The input START

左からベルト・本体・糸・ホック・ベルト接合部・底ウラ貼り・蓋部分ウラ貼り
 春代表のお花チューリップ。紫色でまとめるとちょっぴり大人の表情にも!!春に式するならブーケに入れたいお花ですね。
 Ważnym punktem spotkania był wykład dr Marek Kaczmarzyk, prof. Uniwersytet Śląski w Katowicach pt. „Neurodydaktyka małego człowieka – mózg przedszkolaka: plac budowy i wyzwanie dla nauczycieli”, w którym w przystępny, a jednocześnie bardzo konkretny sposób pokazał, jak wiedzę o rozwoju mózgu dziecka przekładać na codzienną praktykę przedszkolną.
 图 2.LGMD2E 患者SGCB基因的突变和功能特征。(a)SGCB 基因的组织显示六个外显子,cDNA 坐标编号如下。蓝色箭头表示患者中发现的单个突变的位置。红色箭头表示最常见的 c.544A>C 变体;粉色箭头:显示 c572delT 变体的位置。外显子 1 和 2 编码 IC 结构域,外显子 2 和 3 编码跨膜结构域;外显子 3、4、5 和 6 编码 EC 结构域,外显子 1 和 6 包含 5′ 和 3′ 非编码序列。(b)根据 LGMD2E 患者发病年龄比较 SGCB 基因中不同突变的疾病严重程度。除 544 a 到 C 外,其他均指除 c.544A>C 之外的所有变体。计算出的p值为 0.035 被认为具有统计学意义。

The input END
The input START

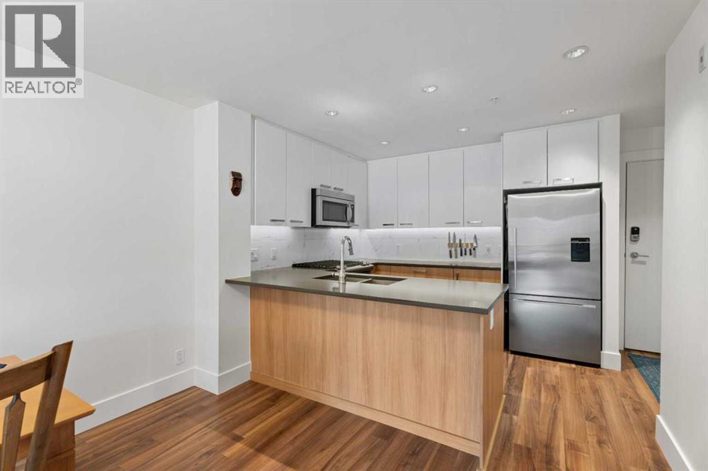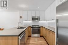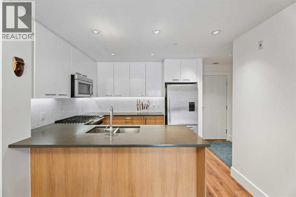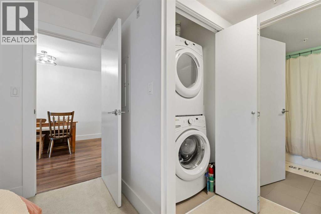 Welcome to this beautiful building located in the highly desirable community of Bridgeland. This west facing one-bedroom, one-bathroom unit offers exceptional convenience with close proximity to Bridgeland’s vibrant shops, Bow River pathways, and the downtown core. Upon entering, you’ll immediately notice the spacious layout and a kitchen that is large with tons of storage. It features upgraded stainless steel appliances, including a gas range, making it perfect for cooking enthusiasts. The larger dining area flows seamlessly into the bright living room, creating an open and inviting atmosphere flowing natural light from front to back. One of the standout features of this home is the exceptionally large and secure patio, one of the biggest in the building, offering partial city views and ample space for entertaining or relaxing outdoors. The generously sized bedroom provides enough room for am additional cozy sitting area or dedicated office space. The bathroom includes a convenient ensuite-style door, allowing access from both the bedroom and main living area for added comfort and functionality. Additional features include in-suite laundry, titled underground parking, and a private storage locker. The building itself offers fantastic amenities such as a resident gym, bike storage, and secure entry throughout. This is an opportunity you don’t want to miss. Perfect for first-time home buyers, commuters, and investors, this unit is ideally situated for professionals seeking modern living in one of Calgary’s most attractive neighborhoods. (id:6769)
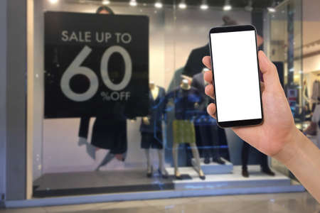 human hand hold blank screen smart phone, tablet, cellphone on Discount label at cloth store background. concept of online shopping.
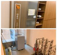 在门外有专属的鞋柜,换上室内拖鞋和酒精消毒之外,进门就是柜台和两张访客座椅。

The input END

Where the data above reaches the line holding "春代表のお花チューリップ。紫", begin printing, and stop after the line holding "Ważnym punktem spotkania". Each line must be reproduced exactly, with nothing else added.

 春代表のお花チューリップ。紫色でまとめるとちょっぴり大人の表情にも!!春に式するならブーケに入れたいお花ですね。
 Ważnym punktem spotkania był wykład dr Marek Kaczmarzyk, prof. Uniwersytet Śląski w Katowicach pt. „Neurodydaktyka małego człowieka – mózg przedszkolaka: plac budowy i wyzwanie dla nauczycieli”, w którym w przystępny, a jednocześnie bardzo konkretny sposób pokazał, jak wiedzę o rozwoju mózgu dziecka przekładać na codzienną praktykę przedszkolną.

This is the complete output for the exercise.